Evaluation of the nitrogen removal mechanism by analysing the kinetic characteristics, microbial compositions and functional genes in an aerobic fluidized bed biofilm reactor at different carbon to nitrogen (C:N) ratios

Abstract

The nitrogen removal mechanism in an aerobic fluidized bed biofilm reactor (AFBBR) was explored by analysing the nitrogen removal efficiencies, pollutant degradation kinetics, microbial characteristics, and functional gene abundances. The carbon to nitrogen (C:N) ratios significantly changed the treatment efficiencies for the chemical oxygen demand (CODcr), total nitrogen (TN), and ammonia nitrogen (NH4+-N). Moreover, the average removal rates of NH4+-N (73.2%) and TN (72.7%) under the C:N = 13.94 condition were higher than those under the other conditions.

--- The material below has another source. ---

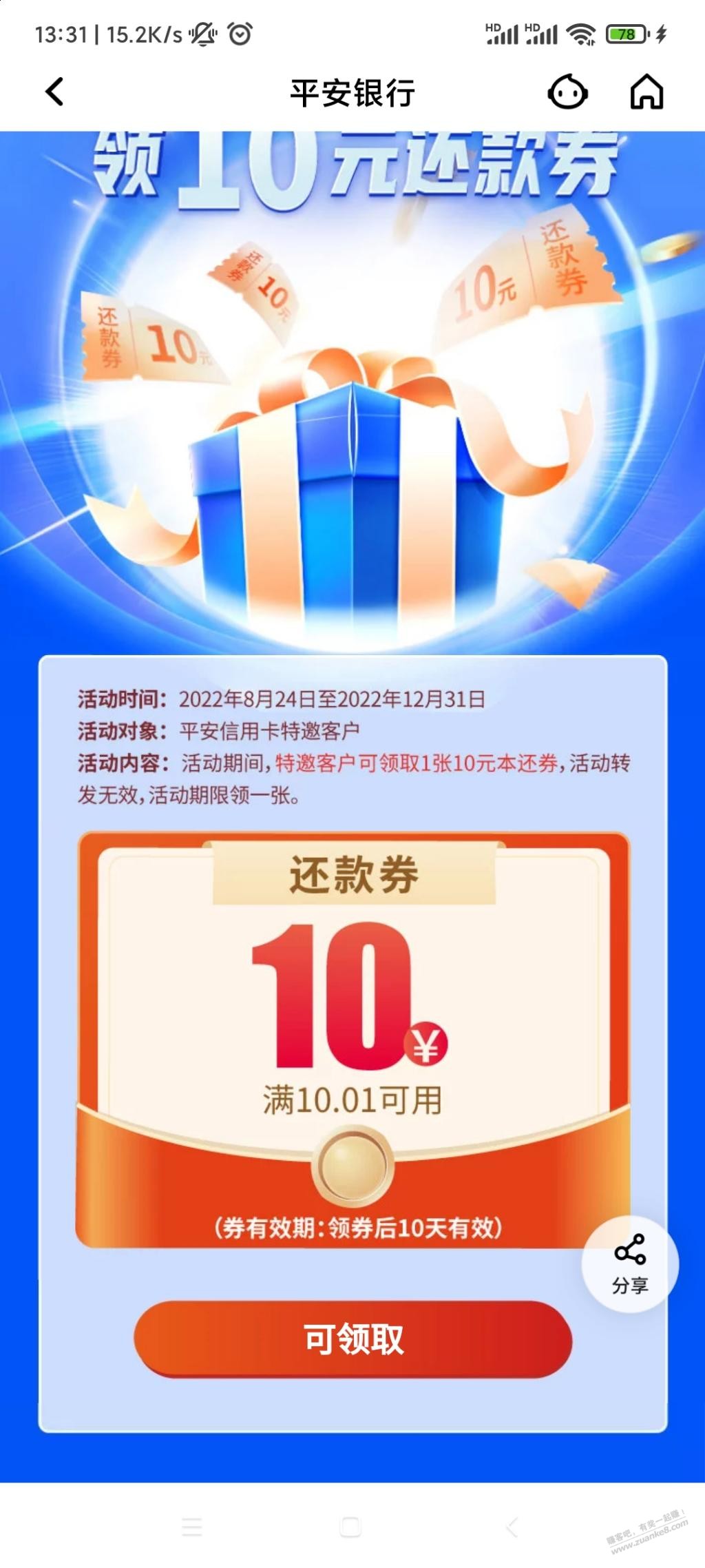 【特邀专享,10元还款券待领取】https://rmb.pingan.com.cn/t/zdxBnGJd?SSLSOURCE=BROP-CMP&activity_FlowId=m_L0OBoOWCopnrjX4Y2750 点击链接或复制这段描述¥m_L0OBoOWCopnrjX4Y2750¥后打开平安口袋银行APP

High C:N ratios improved the simultaneous nitrification and denitrification (SND) rate (98.8%) in the AFBBR system. The pollutant degradation kinetics conformed to the Haldane fictitious kinetic model. Actinobacteria and Protrobacteria were the dominant bacteria in the AFBBR system. Additionally, low C:N ratios increased the relative Protrobacteria (43.5%) abundance. The real-time quantitative polymerase chain reaction (qPCR) results indicated that high C:N ratios increased the SND through enhancing the nirS, nirK, and amx-16S gene abundances. These findings showed that high C:N ratios increased the nitrogen removal rates by improving the functional gene abundances of denitrification and anaerobic ammonia oxidation (ANAMMOX).